_WORK ITEM_:
Restate the listing below word for word; no picture is to be carried over.

_RECORDED DATA_:
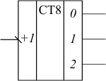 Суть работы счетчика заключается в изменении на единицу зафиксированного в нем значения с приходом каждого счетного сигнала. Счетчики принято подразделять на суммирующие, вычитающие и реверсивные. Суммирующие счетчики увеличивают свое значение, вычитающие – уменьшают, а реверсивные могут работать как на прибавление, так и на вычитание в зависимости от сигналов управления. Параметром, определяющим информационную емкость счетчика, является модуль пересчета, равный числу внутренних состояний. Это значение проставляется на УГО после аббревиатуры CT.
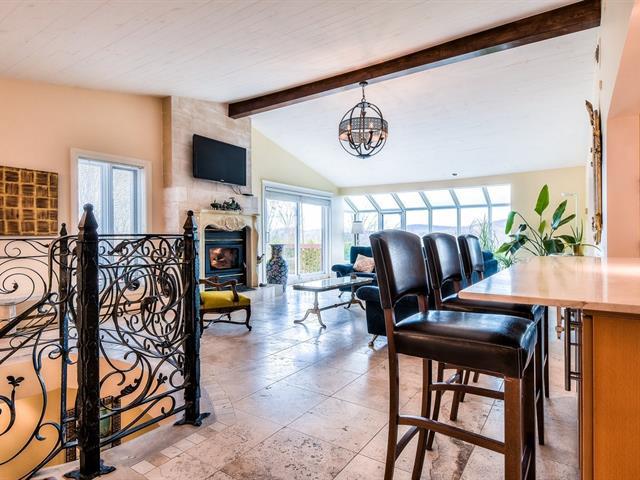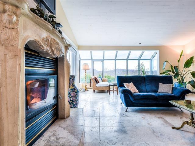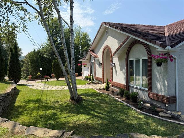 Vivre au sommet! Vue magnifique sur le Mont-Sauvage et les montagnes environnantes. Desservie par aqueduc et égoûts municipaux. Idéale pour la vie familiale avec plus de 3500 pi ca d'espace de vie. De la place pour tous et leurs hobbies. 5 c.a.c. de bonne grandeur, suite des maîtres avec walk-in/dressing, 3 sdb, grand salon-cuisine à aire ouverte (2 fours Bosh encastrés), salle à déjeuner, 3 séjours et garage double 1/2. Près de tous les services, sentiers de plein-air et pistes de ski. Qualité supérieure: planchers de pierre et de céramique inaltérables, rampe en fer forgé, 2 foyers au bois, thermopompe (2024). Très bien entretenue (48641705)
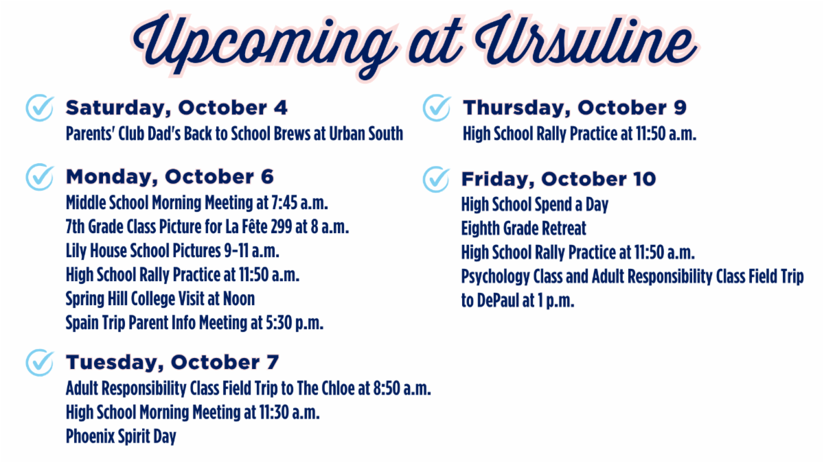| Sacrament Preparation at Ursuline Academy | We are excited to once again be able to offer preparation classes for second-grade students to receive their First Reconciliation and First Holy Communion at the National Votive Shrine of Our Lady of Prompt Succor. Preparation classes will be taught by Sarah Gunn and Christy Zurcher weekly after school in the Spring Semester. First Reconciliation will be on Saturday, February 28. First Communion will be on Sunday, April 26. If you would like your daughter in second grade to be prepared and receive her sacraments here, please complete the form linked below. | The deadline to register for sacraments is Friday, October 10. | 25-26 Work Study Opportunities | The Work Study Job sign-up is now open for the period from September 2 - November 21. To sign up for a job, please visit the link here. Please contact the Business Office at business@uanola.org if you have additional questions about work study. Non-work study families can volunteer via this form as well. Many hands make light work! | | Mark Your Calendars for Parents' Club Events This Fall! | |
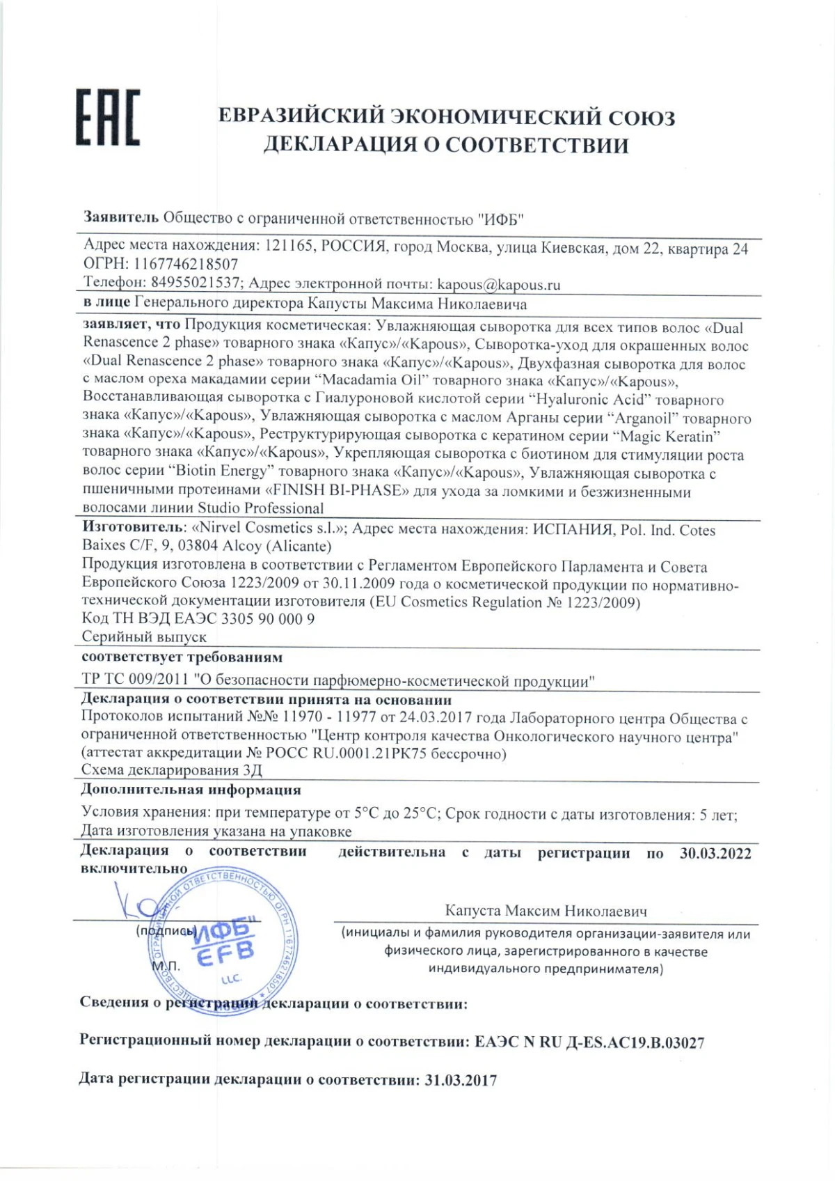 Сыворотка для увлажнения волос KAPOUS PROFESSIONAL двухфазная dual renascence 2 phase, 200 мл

_FINISHED TASK_:
 Суть работы счетчика заключается в изменении на единицу зафиксированного в нем значения с приходом каждого счетного сигнала. Счетчики принято подразделять на суммирующие, вычитающие и реверсивные. Суммирующие счетчики увеличивают свое значение, вычитающие – уменьшают, а реверсивные могут работать как на прибавление, так и на вычитание в зависимости от сигналов управления. Параметром, определяющим информационную емкость счетчика, является модуль пересчета, равный числу внутренних состояний. Это значение проставляется на УГО после аббревиатуры CT.
 Vivre au sommet! Vue magnifique sur le Mont-Sauvage et les montagnes environnantes. Desservie par aqueduc et égoûts municipaux. Idéale pour la vie familiale avec plus de 3500 pi ca d'espace de vie. De la place pour tous et leurs hobbies. 5 c.a.c. de bonne grandeur, suite des maîtres avec walk-in/dressing, 3 sdb, grand salon-cuisine à aire ouverte (2 fours Bosh encastrés), salle à déjeuner, 3 séjours et garage double 1/2. Près de tous les services, sentiers de plein-air et pistes de ski. Qualité supérieure: planchers de pierre et de céramique inaltérables, rampe en fer forgé, 2 foyers au bois, thermopompe (2024). Très bien entretenue (48641705)
| Sacrament Preparation at Ursuline Academy | We are excited to once again be able to offer preparation classes for second-grade students to receive their First Reconciliation and First Holy Communion at the National Votive Shrine of Our Lady of Prompt Succor. Preparation classes will be taught by Sarah Gunn and Christy Zurcher weekly after school in the Spring Semester. First Reconciliation will be on Saturday, February 28. First Communion will be on Sunday, April 26. If you would like your daughter in second grade to be prepared and receive her sacraments here, please complete the form linked below. | The deadline to register for sacraments is Friday, October 10. | 25-26 Work Study Opportunities | The Work Study Job sign-up is now open for the period from September 2 - November 21. To sign up for a job, please visit the link here. Please contact the Business Office at business@uanola.org if you have additional questions about work study. Non-work study families can volunteer via this form as well. Many hands make light work! | | Mark Your Calendars for Parents' Club Events This Fall! | |
 Сыворотка для увлажнения волос KAPOUS PROFESSIONAL двухфазная dual renascence 2 phase, 200 мл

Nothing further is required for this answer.